Written by Ken Richards,
St. Kitts and Nevis (WINN): US President Barack Obama’s arrival in Jamaica Wednesday to attend a Caribbean summit, is being described as an attempt to reassert US leadership in the region at a time when oil-producing Venezuela’s economic clout may be receding.
According to some analysts, a key reason why Washington is suddenly paying attention to the Caribbean Basin, has to do with its desire to wean the islands off dependence on cut-rate Venezuelan oil that Caracas has used to wield influence in the Caribbean.
President Obama was meeting with CARICOM heads of Government in Kingston Thursday, including the Federation’s Prime Minister, Dr Timothy Harris.
Foreign Affairs Minister Mark Brantley, who is part of the country’s delegation, says St. Kitts and Nevis wants to strengthen the existing relationship that it has with Washington.
“Of course the United States has been and continues to be a great friend to St. Kitts and Nevis and the region. It would be our hope to cement that friendship and to give succor to that relationship which of course has existed now…for a very long time,” he told WINN FM from Jamaica.
“The reality is, the Caribbean region is a border region to the United States, and I feel that it is important that the United States sees us as an ally, sees us as a friend and also sees us as an important border to the United States, and therefore we look forward to closely working with them on matters of mutual interest, and this meeting…at the very highest levels of the region, demonstrates that commitment.”
After meeting in Jamaica, the Caribbean representatives and President Obama will move on to Panama for the Summit of the America.

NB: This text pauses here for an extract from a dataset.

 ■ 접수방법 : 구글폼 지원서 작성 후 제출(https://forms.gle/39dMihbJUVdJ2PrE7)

“[There] we will no doubt have other opportunities, not just with the US President, but with other regional leaders, and so we look forward, so-far-as St. Kitts and Nevis is concerned, to cementing the relationships that already exist and expanding on them,” Minister Brantley said.
“The themes here will be competitiveness, we will look at issues of security and issues such as energy, and of course especially with Nevis already obtaining assistance from the United States State Department for their geothermal project, we feel that there is already some tangible evidence within the Federation of that assistance. I also understand that Trade Winds…military exercise is likely to occur in the Federation this year as well. So the relationship is there, our effort now is to as I say, cement that and continue that very important dialogue with what is the greatest nation in the world.”

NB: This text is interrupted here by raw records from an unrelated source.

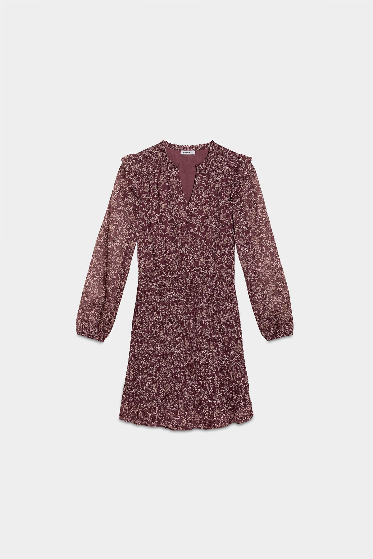 Vestido Corto de Manga Larga Estampado en Tonos Burdeos. Escote en pico y lazada para un ajuste perfecto. Ideal para cualquier ocasión especial. ¡Combínalo con nuestras botas cowboy y consigue un look en tendencia!
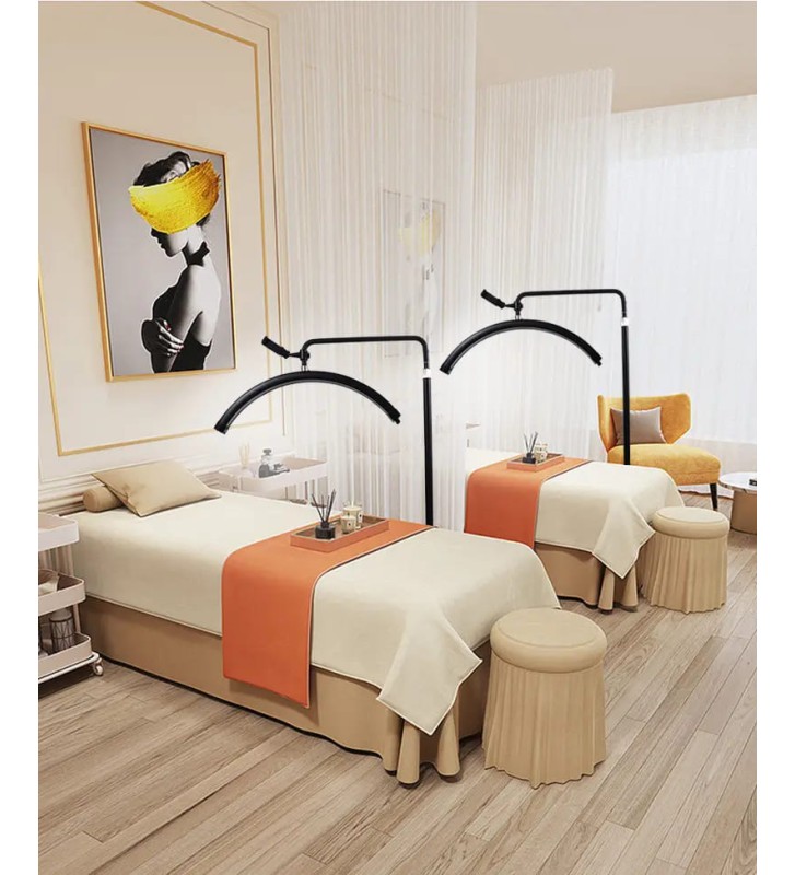 Бестеневая лампа на штативе с уникальной формой светильника в виде дуги — это самый лучших вариантов профессионального света для стилистов, визажистов, мастеров по наращиванию и ламинированию ресниц, мастеров-бровистов, косметологов и других специалистов в области красоты.
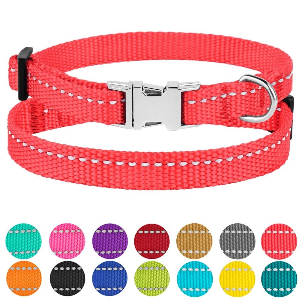 Нейлоновий нашийник зі світловідбиттям для собак дрібних порід ТМ BronzeDog легкий, міцний та надійний. Він виконаний із матеріалів найвищої якості. Високоміцний нейлон, з якого виготовлений нашийник, не втрачає колір при пранні та не вигоряє на сонці. Нашийник виконаний з вплетенням світловідбиваючої нитки та укомплектований міцною металевою пряжкою. Цей нашийник мякий на дотик, гнучкий, не боїться води, практичний і невибагливий у догляді.
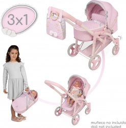 Passeggino pieghevole per bambole 3 in 1 con borsa portatile Sophie 75 cm

Minister Brantley has admitted that he would have loved to have a one-on-one discussion with President Obama.
“Well I think if I had that opportunity, which I won’t have, but if I had that opportunity I would wish to speak…to the needs of the region, and the need for neutrality. There is a feeling…borne out I think by some evidence that the US has traditionally adopted positions that are inimical to the Caribbean region. We think about bananas, we think about…the efforts of the OECD and the off-shore industry, financial services, we think about the war on drugs, we look at the guns coming into our nations and what we need to do about that, security. So the reality is there is quite a plethora of issues that we would discuss.”

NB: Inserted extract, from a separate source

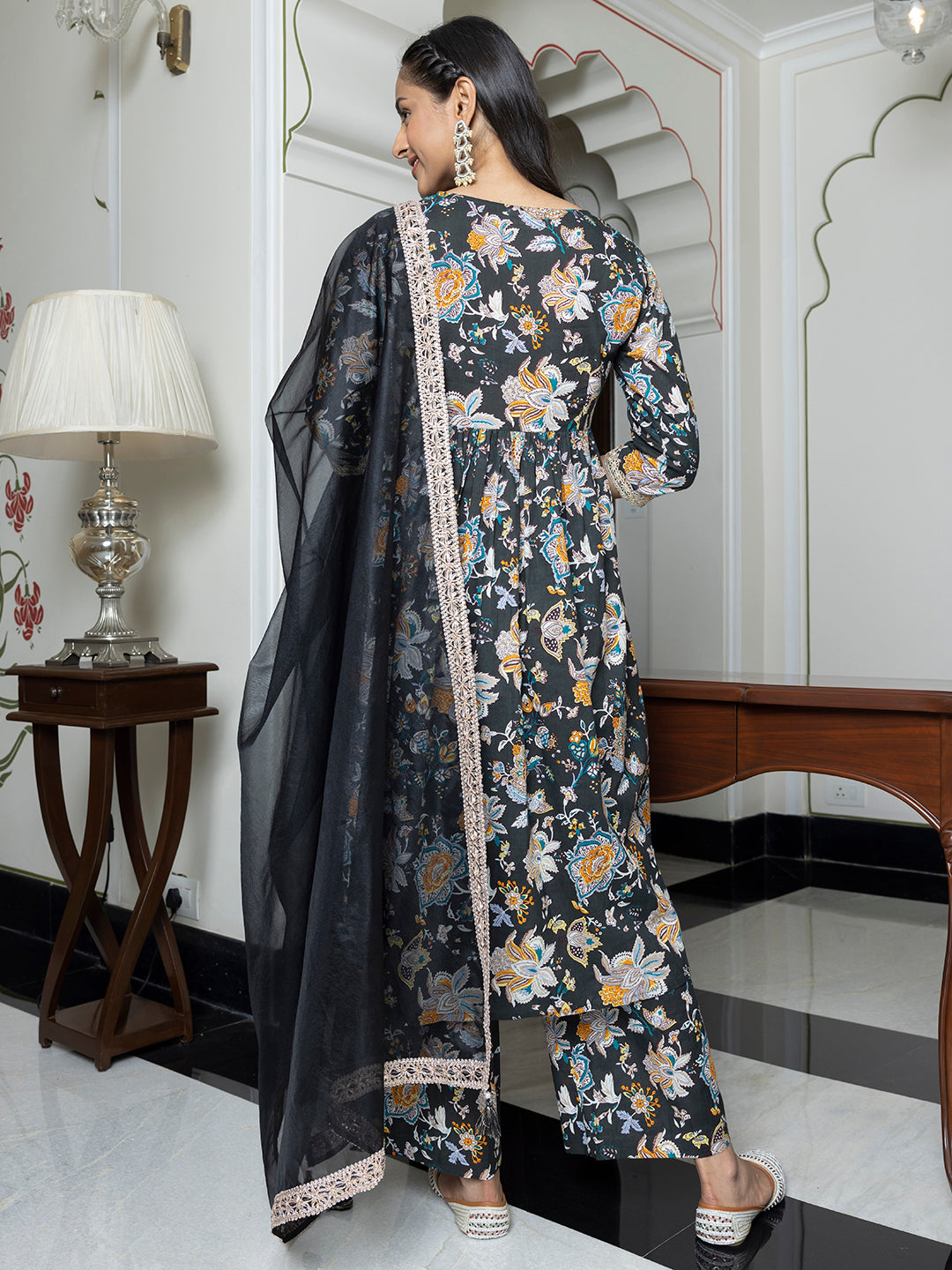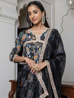 Janasya Women's Black Cotton Embellished Festive Empire Kurta Set
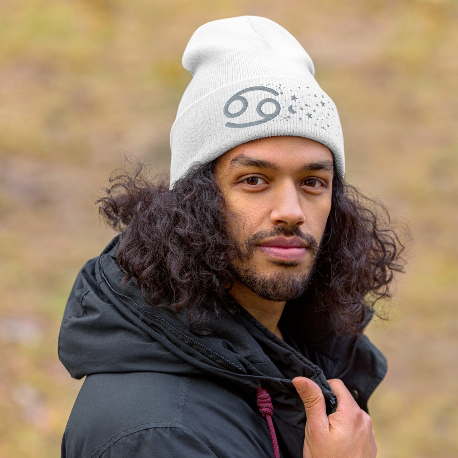 как выглядит Cancer Crab in the Stars Knit Beanie - Cozy Knit Hat White фото

The Foreign Affairs Minister said for him though, the most important issue is the question of recognizing the “relevance” of the region to the United States.
“Albeit we are a small region, we are an important border region. I keep emphasizing that because that of course is critical. My geography would suggest that America is bordered…by Mexico, by Canada and by the Caribbean, and we ought not because we are smaller get any less attention in terms of a serious approach to development and a serious approach to cooperation.”
Like St Kitts and Nevis, the majority of the other CARICOM states are said to be eager for a re-energized US partnership.